To start, where have I been... (you probably don't care but I am still going to say). Since March it has been non stop with university final deadlines and essays which were due as well as working on my radio show "The Girl Power Hour". That was soon followed by Parklife, moving houses at uni, coming back home for summer to spend time with family and just working to make money for summer.... when you are endlessly busy, month after month you don't realise that you've neglected something. Sadly for me it was my blog, but it certainly doesn't mean I am not passionate anymore. If anything having a break keeps me motivated and fresh minded with new ideas to grow my blog even more.
This leads me on to why I stopped writing. From July on, I had time to blog but my head just wasn't in the right frame of mind. My neglect to my blog became like a niggling sensation of guilt.
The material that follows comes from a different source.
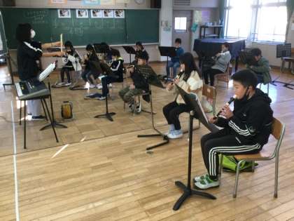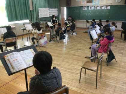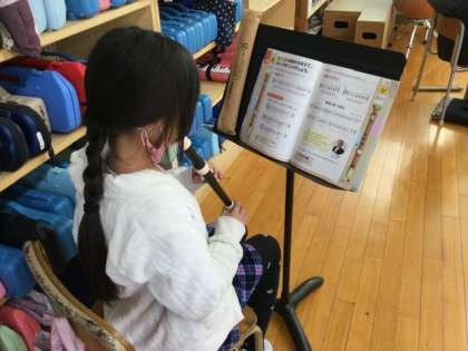 2校時、リコーダーの練習をしています。

The longer I have stayed away, the harder is has been to get back in to it. Every day I kept thinking “oh I’ll do it tomorrow” or “I’ll pick it up again next week!” – that turned into “well, does anyone even care anyway?”. Any idea I did I have I felt it was “crap”which led me in to constant overthinking. I wanted everything I put out to be perfect. Perfectionism, too, is such a problem. It stops me from posting because I’m constantly worrying it’s just not good enough. But good enough is often much greater than I think it is.
AND
Now that I am back... I am putting all of this aside and getting back to the root of why I started blogging in the first place - I LOVE writing and sharing my ideas, lifestyle hacks and photos of my life -- so here I am. I’m back (I hope).